Problem to work on: Without the images, write out the whole listing exactly.

===== Supplied material

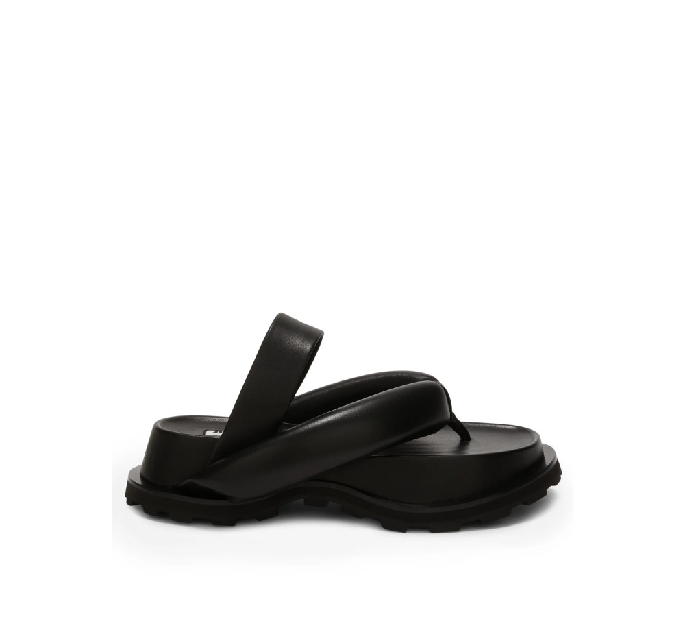 Jil Sander creative directors Luke and Lucie Meier play with proportions to create these striking black slides. Made in Italy from soft nappa leather, they feature padded thong straps and are set on a chunky rubber tread sole for a subversive look. Wear them with tonal edits for a directional flair.
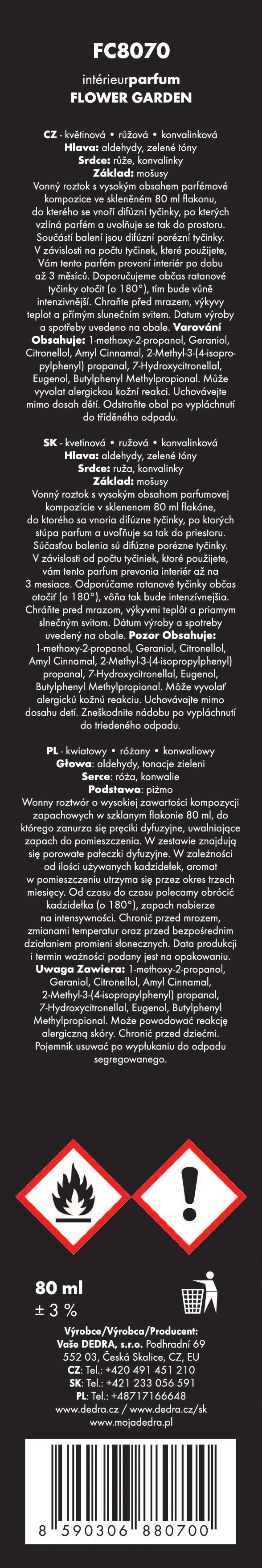FC INTÉRIEUR PARFUMS FLOWER GARDEN o objętości 80 ml wraz z dyfuzyjnymi porowatymi patyczkami.
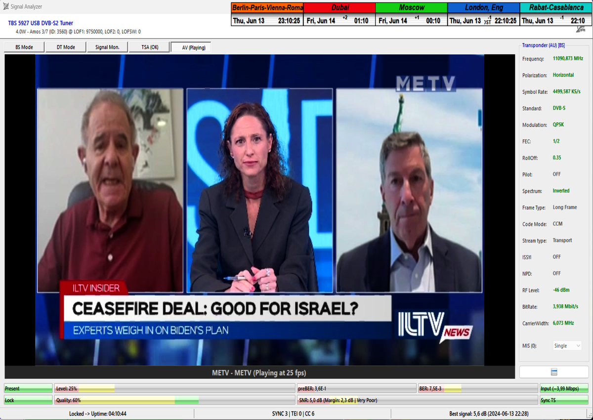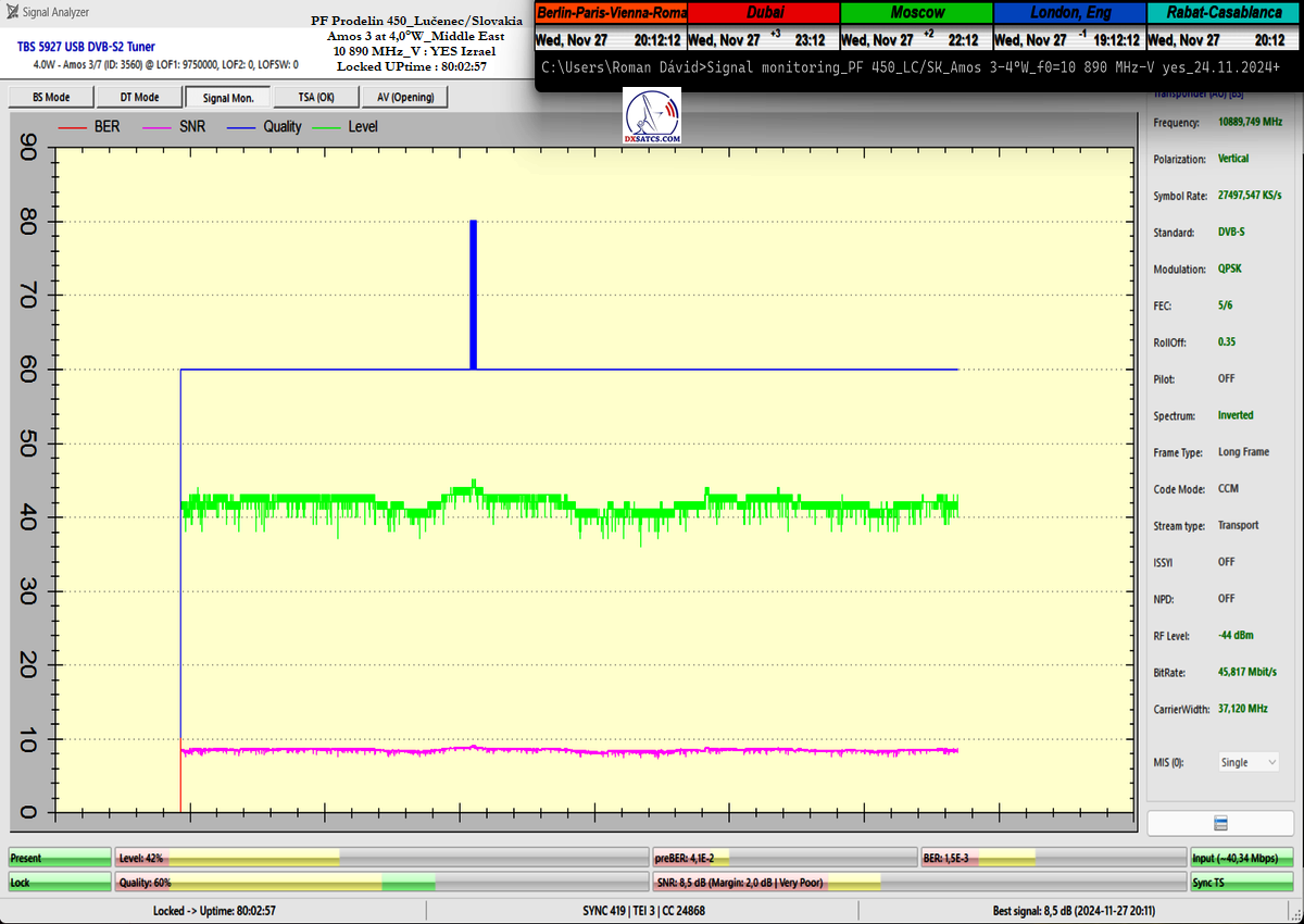 concerning the immediate signal availability of transmissions powerfully focused on the Middle East region at any second of the day. Thanks to my "Synchronous Nanocorrection" technology, there was a consistently low but stable signal margin of 1.0 to 2.5 dB/SNR during a monitoring period of t=80+ hours. Not once during this time did the signal approach the noise threshold for Lock at SNR=6.5 dB, and satellite reception remained fully stable, even under overcast skies with light rain showers.

==========

Answer section:
 Jil Sander creative directors Luke and Lucie Meier play with proportions to create these striking black slides. Made in Italy from soft nappa leather, they feature padded thong straps and are set on a chunky rubber tread sole for a subversive look. Wear them with tonal edits for a directional flair.
FC INTÉRIEUR PARFUMS FLOWER GARDEN o objętości 80 ml wraz z dyfuzyjnymi porowatymi patyczkami.
 concerning the immediate signal availability of transmissions powerfully focused on the Middle East region at any second of the day. Thanks to my "Synchronous Nanocorrection" technology, there was a consistently low but stable signal margin of 1.0 to 2.5 dB/SNR during a monitoring period of t=80+ hours. Not once during this time did the signal approach the noise threshold for Lock at SNR=6.5 dB, and satellite reception remained fully stable, even under overcast skies with light rain showers.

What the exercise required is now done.